Почему 1мультипликативная идентичность не дает (inf + 0j)?


1
Я думаю, что вы ищете ключевое слово « поле ». Сложение и умножение по умолчанию определяются в одном поле, и в этом случае единственное стандартное поле, которое может вместить ваш код, - это поле комплексных чисел, поэтому оба числа должны рассматриваться как комплексные числа по умолчанию, прежде чем операция будет хорошо выполнена. определено. Это не значит, что они не могли расширить эти определения, но, по-видимому, они просто придерживались стандартного подхода и не чувствовали побуждения изо всех сил расширять определения.
user541686

1
О, и если вы находите эти идиосинкразии разочаровывающими и хотите ударить свой компьютер, я вам сочувствую .
user541686

2
@Mehrdad, как только вы добавляете эти не конечные элементы, он перестает быть полем. В самом деле, поскольку мультипликативного нейтрального больше нет, он по определению не может быть полем.
Paul Panzer

@PaulPanzer: Да, я думаю, они просто добавили эти элементы позже.
user541686

1
числа с плавающей запятой (даже если вы исключите бесконечность и NaN) не являются полем. Большинство идентификаторов, используемых для полей, не применимы для чисел с плавающей запятой.
plugwash

Ответы:


95

1Преобразуется в первое комплексное число, 1 + 0j, который затем приводит к inf * 0умножению, в результате чего nan.

(inf + 0j) * 1
(inf + 0j) * (1 + 0j)
inf * 1  + inf * 0j  + 0j * 1 + 0j * 0j
#          ^ this is where it comes from
inf  + nan j  + 0j - 0
inf  + nan j

8
Для ответа на вопрос «почему ...?», Наверное, самый важный шаг - это первый шаг, куда 1передается 1 + 0j.
Уоррен Векессер

5
Обратите внимание, что C99 указывает, что реальные типы с плавающей запятой не превращаются в сложные при умножении на сложный тип (раздел 6.3.1.8 проекта стандарта), и, насколько мне известно, то же самое верно и для std :: complex в C ++. Частично это может быть связано с производительностью, но также позволяет избежать ненужных NaN.
Benrg

@benrg В NumPy array([inf+0j])*1тоже оценивается array([inf+nanj]). Предполагая, что фактическое умножение происходит где-то в коде C / C ++, будет ли это означать, что они написали собственный код для имитации поведения CPython вместо использования _Complex или std :: complex?
Марникс

1
@marnix это более сложный вопрос. numpyимеет один центральный класс, ufuncот которого происходят почти все операторы и функции. ufuncзаботится о трансляции, управляет успехами, весь этот хитрый админ, который делает работу с массивами такой удобной. Точнее, разделение труда между конкретным оператором и общим механизмом состоит в том, что конкретный оператор реализует набор «самых внутренних циклов» для каждой комбинации типов элементов ввода и вывода, которые он хочет обрабатывать. Общий механизм заботится о любых внешних контурах и выбирает наиболее подходящий внутренний контур ...
Пол Панцер

1
... продвижение любых не совсем совпадающих типов по мере необходимости. Мы можем получить доступ к списку предоставленных внутренних циклов через typesатрибут для np.multiplyэтого результата, ['??->?', 'bb->b', 'BB->B', 'hh->h', 'HH->H', 'ii->i', 'II->I', 'll->l', 'LL->L', 'qq->q', 'QQ->Q', 'ee->e', 'ff->f', 'dd->d', 'gg->g', 'FF->F', 'DD->D', 'GG->G', 'mq->m', 'qm->m', 'md->m', 'dm->m', 'OO->O']мы видим, что почти нет смешанных типов, в частности, ни один, который смешивает float "efdg"с сложным "FDG".
Paul Panzer

32

Механически принятый ответ, конечно, правильный, но я бы сказал, что можно дать более глубокий ответ.

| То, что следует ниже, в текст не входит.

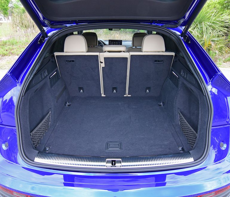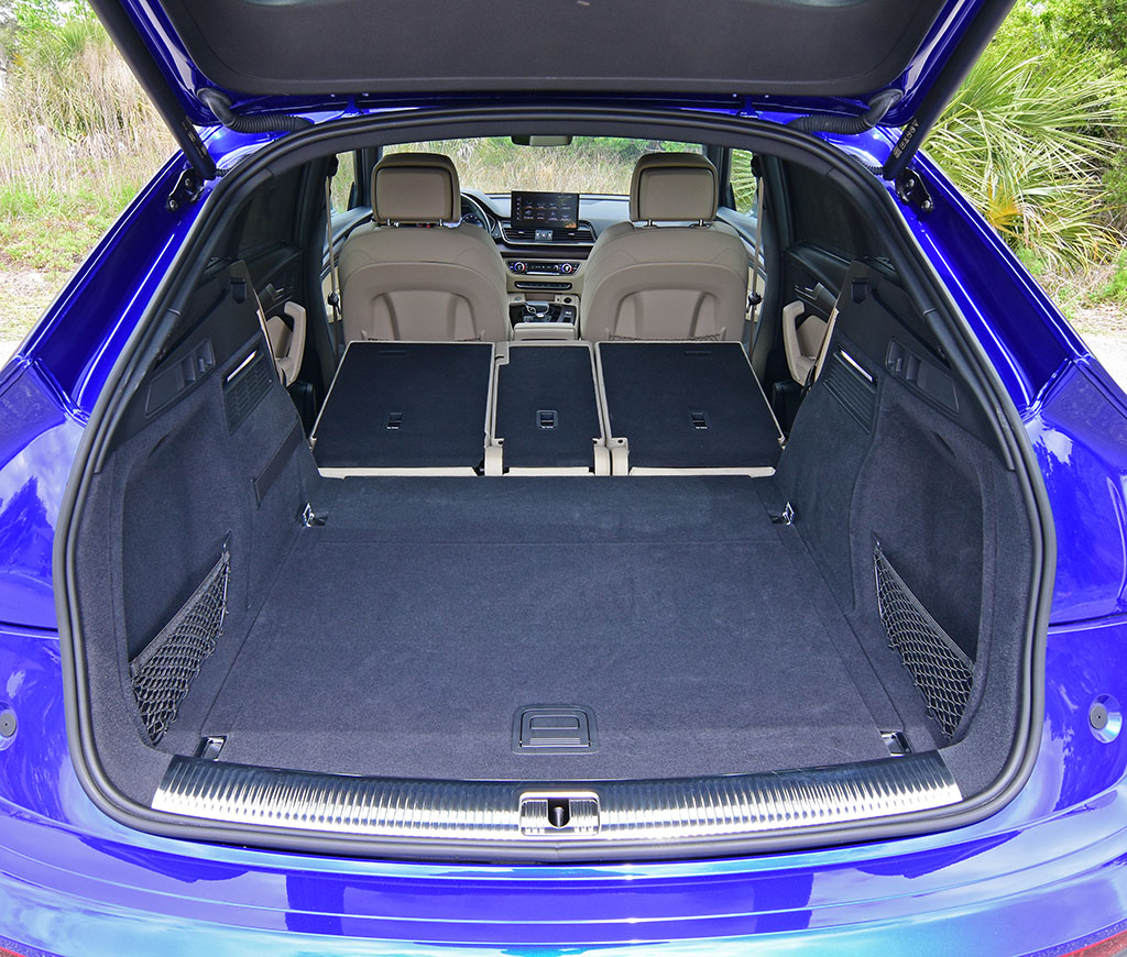 Cargo space is only cut short about one cubic foot from the normal Q5, having 24.7 cubic feet to work with behind the rear seats while the normal Q5 has 25.8 cubic feet. Folding the 60/40-split rear seatbacks down you have almost 52 cubic feet of cargo space.

Во-первых, полезно прояснить вопрос, как это делает @PeterCordes в комментарии: «Есть ли мультипликативное тождество для комплексных чисел, которое работает с inf + 0j?» или, другими словами, это то, что OP видит слабость в компьютерной реализации сложного умножения, или есть что-то концептуально несостоятельное сinf+0j

Короткий ответ:

Используя полярные координаты, мы можем рассматривать комплексное умножение как масштабирование и вращение. Вращая бесконечную «руку» даже на 0 градусов, как в случае умножения на единицу, мы не можем ожидать, что ее кончик будет размещен с конечной точностью. Так что действительно есть кое-что принципиально неправильное inf+0j, а именно то, что, как только мы находимся на бесконечности, конечное смещение становится бессмысленным.

Длинный ответ:

Предыстория: «Большое дело», вокруг которого вращается этот вопрос, - это вопрос расширения системы чисел (например, действительные или комплексные числа). Одна из причин, по которой кто-то может захотеть это сделать, состоит в том, чтобы добавить некую концепцию бесконечности или «компактифицировать», если кто-то оказывается математиком. Есть и другие причины ( https://en.wikipedia.org/wiki/Galois_theory , https://en.wikipedia.org/wiki/Non-standard_analysis ), но они здесь нас не интересуют.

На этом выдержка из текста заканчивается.